THP-1 cells were stimulated by LPS and transfected with miR-96-5p mimic or miR-NC (Fig. 2A), and the effects of miR-96-5p overexpression on the inflammatory responses and apoptosis of THP-1 cells were determined. As shown in Fig. 2B, LPS treatment significantly increased the mRNA expression of IL-6, TNF-α and IL-1β, whereas miR-96-5p mimic decreased the levels of these inflammatory cytokines. Moreover, flow cytometry revealed a significantly increased rate of apoptosis in LPS-stimulated cells, whereas the opposite results were observed in miR-96-5p-overexpressing cells (Fig. 2C). These results suggested a protective role for miR-96-5p in LPS-induced THP-1 cells.
Figure 2.
Effects of miR-96-5p on LPS-induced inflammatory factor production and apoptosis in THP-1 cells. (A) miR-96-5p expression was measured in LPS-treated THP-1 cells transfected with miR-96-5p mimic or miR-NC. (B) IL-6, TNF-α and IL-1β levels in LPS-treated THP-1 cells transfected with miR-96-5p mimic or miR-NC. (C) Flow cytometry was performed to assess apoptosis following LPS treatment and transfection with miR-96-5p mimic or miR-NC. The data are presented as the mean ± SD. ***P<0.001 vs. control + miR-NC; ###P<0.001 vs.

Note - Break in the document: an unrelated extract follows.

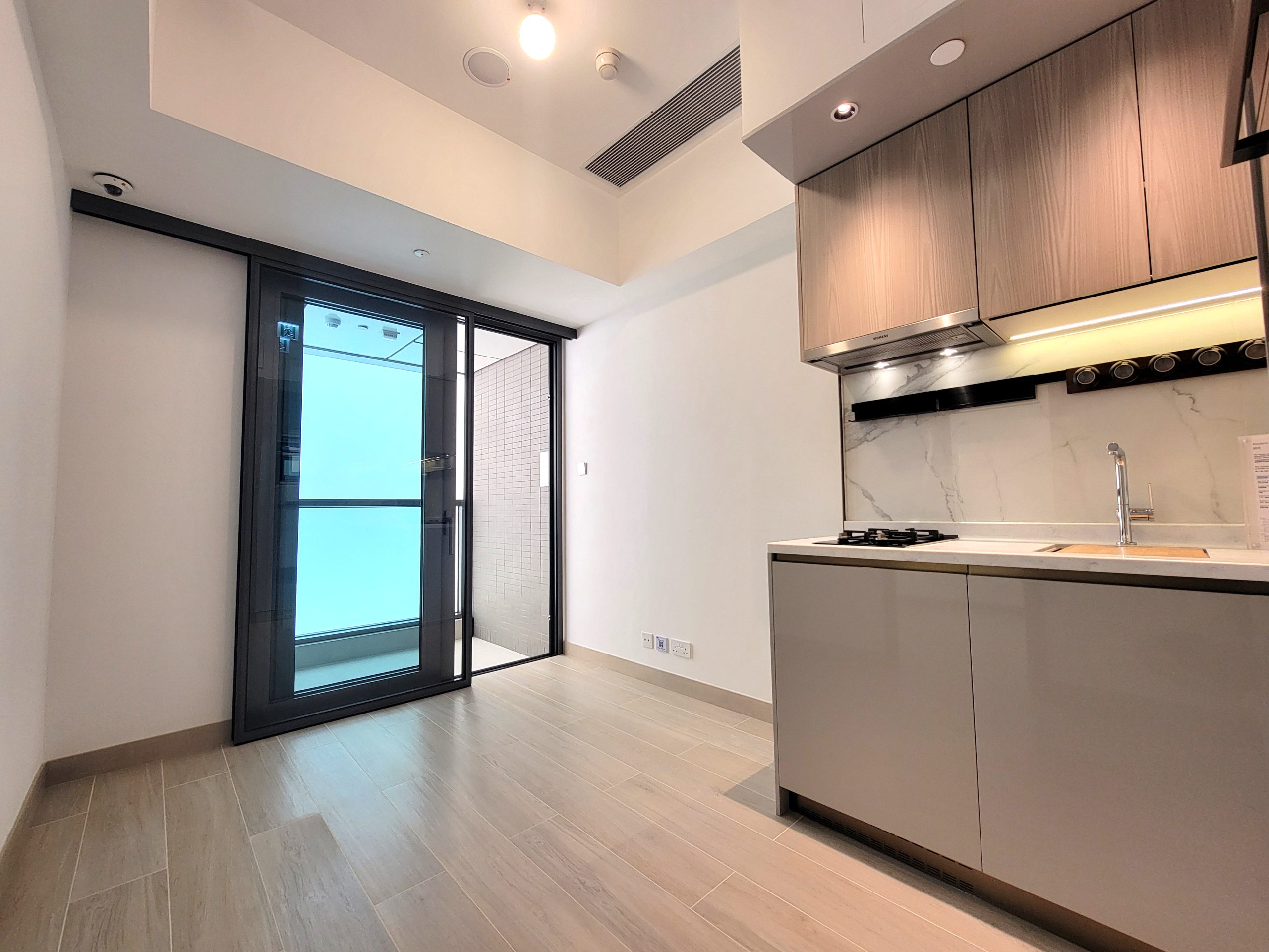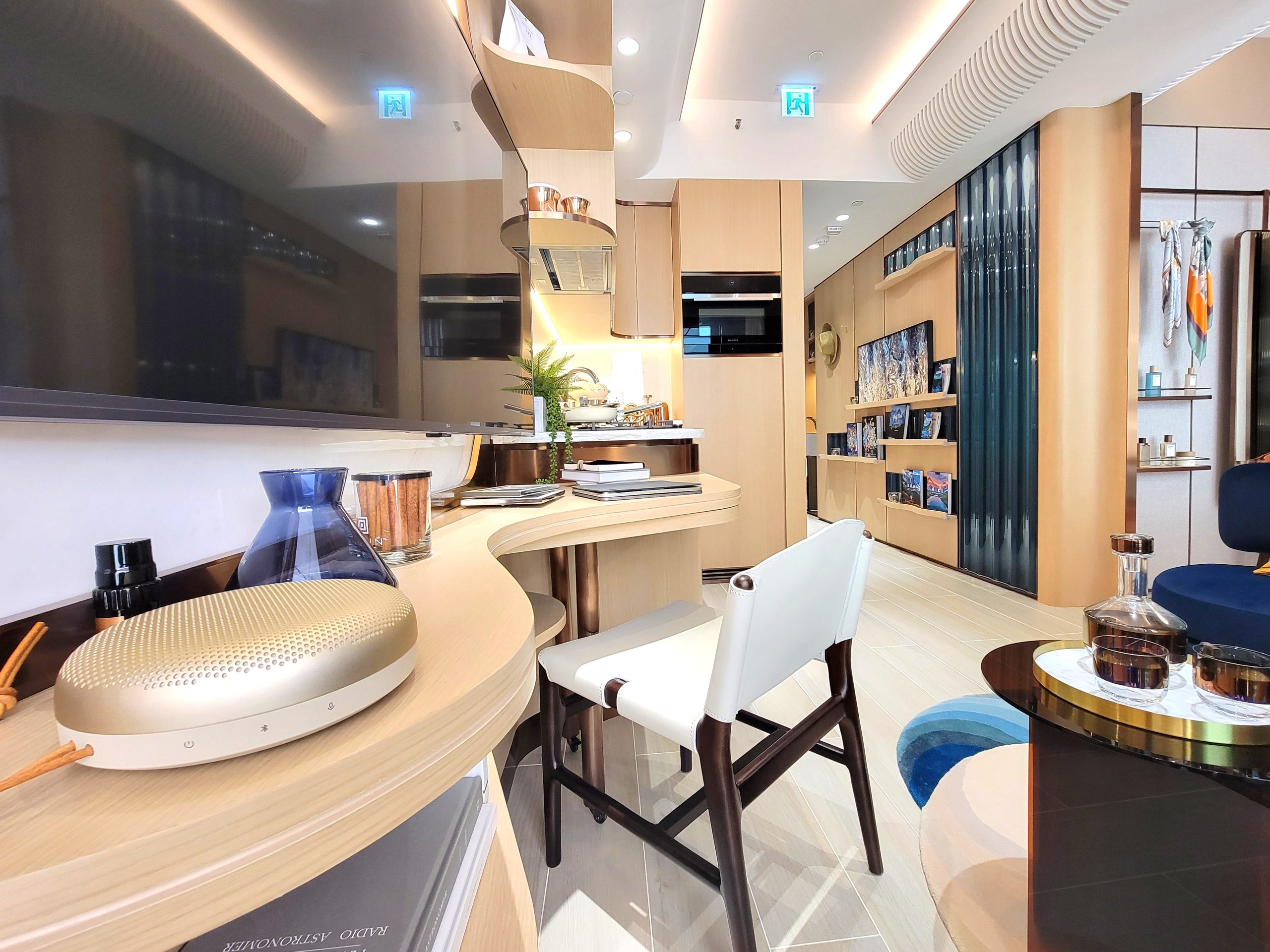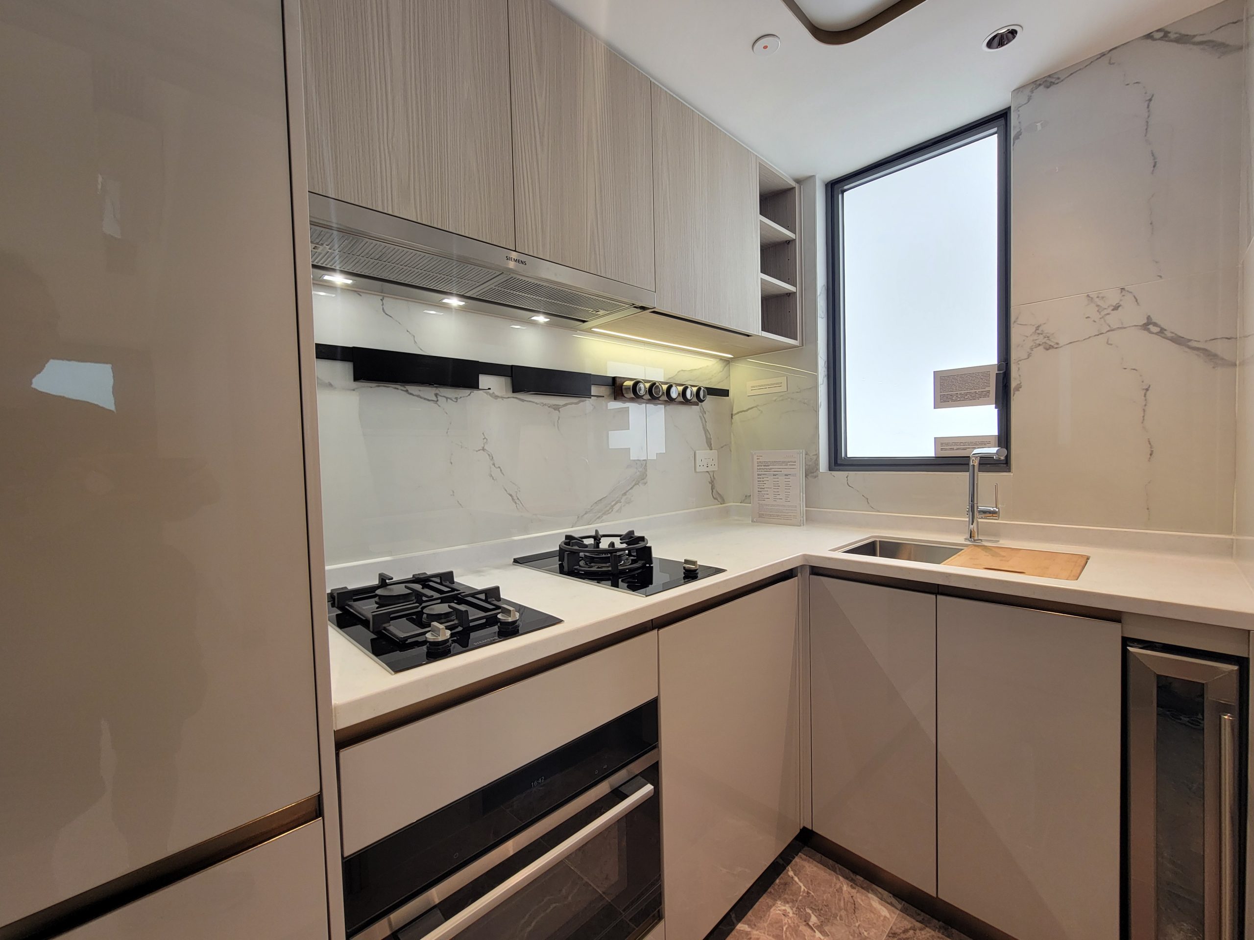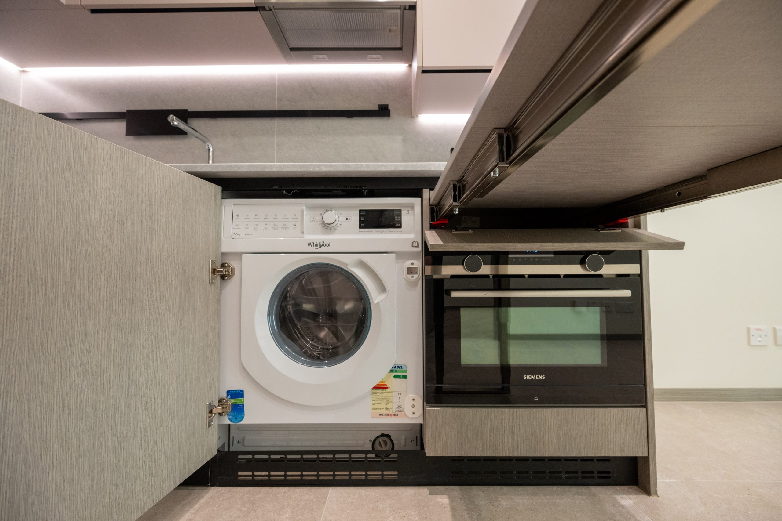 單位採用開放式廚房設計,與客廳營造輕鬆餐廚互動空間。廚房呈L形設計,廚櫃分別以紅白兩色為主調,配以白色人造石工作檯面;洗滌盤配備疏水卷軸,並設有完善的廚房設備,包括一系列Siemens七合一微蒸烤焗爐、雪櫃、抽油煙機及電磁爐、以及Whirlpool洗衣乾衣機。更設置有TP-LINK 路由器以及LifeSmart智慧中心,預設智能家居平台。

LPS + miR-NC. LPS, lipopolysaccharide; miR, microRNA; NC, negative control; PI, propidium iodide; FITC, fluorescein isothiocyanate; IL, interleukin; TNF-α, tumor necrosis factor α.
GMDS-AS1 is highly expressed and regulates miR-96-5p expression in LPS-induced THP-1 cells
RT-qPCR showed that the expression levels of GMDS-AS1 and mir-96-5p were significantly increased after co-transfection (Fig. 3A-B). The GMDS-AS1 level was then examined in THP-1 cells following LPS stimulation. As shown in Fig. 3C, the expression of GMDS-AS1 significantly increased following LPS stimulation. A GMDS-AS1 overexpression vector was transfected into THP-1 cells, and the transfection efficiency was verified by RT-qPCR. The expression levels of GMDS-AS1 were significantly increased in the pcDNA-GMDS-AS1 group compared with those in the control and pcDNA-NC groups, suggesting that the transfection was efficient (Fig. 3D). After transfection with pcDNA-GMDS-AS1 in THP-1 cells, miR-96-5p expression was significantly downregulated compared with that in the control and pcDNA-NC groups (Fig. 3E). These data indicated that GMDS-AS1 exerted a regulatory effect on miR-96-5p expression in LPS-induced THP-1 cells.
Figure 3.
GMDS-AS1 is upregulated and regulates miR-96-5p expression in LPS-induced THP-1 cells. The expression levels of GMDS-AS1 (A) and miR-96-5p (B) were detected by RT-qPCR after co-transfection with miR-96-5p mimic and pcDNAGMDS-AS1. (C) GMDS-AS1 expression was detected by RT-qPCR in LPS-induced THP-1 cells. (D) GMDS-AS1 expression was significantly increased after transfection with the GMDS-AS1 overexpression vector. (E) miR-96-5p expression in THP-1 cells was significantly decreased following GMDS-AS1 overexpression. The data are presented as the mean ± SD. ***P<0.001 vs. control; ###P<0.001 vs. pcDNA-NC; ΔΔΔP<0.001 vs. pcDNA-GMDS-AS1 + miR-NC. LPS, lipopolysaccharide; miR, microRNA; NC, negative control; GDP-mannose 4,6-dehydratase antisense 1; RT-qPCR, reverse transcription-quantitative PCR.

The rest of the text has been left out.